*** Opening of RAW DATA ***
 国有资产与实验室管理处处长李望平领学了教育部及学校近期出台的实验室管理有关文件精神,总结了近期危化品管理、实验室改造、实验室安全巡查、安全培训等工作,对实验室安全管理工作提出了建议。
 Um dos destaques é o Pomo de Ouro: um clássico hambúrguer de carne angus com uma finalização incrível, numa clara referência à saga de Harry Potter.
*** Close of RAW DATA ***
*** Opening of RAW DATA ***
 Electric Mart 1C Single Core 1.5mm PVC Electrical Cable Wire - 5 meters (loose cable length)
*** Close of RAW DATA ***
### PROBLEM TO SOLVE
Give back, word for word, only the lines above from the line holding "国有资产与实验室管理处处长李" to the line holding "Um dos destaques", both included.

### YOUR RESPONSE
 国有资产与实验室管理处处长李望平领学了教育部及学校近期出台的实验室管理有关文件精神,总结了近期危化品管理、实验室改造、实验室安全巡查、安全培训等工作,对实验室安全管理工作提出了建议。
 Um dos destaques é o Pomo de Ouro: um clássico hambúrguer de carne angus com uma finalização incrível, numa clara referência à saga de Harry Potter.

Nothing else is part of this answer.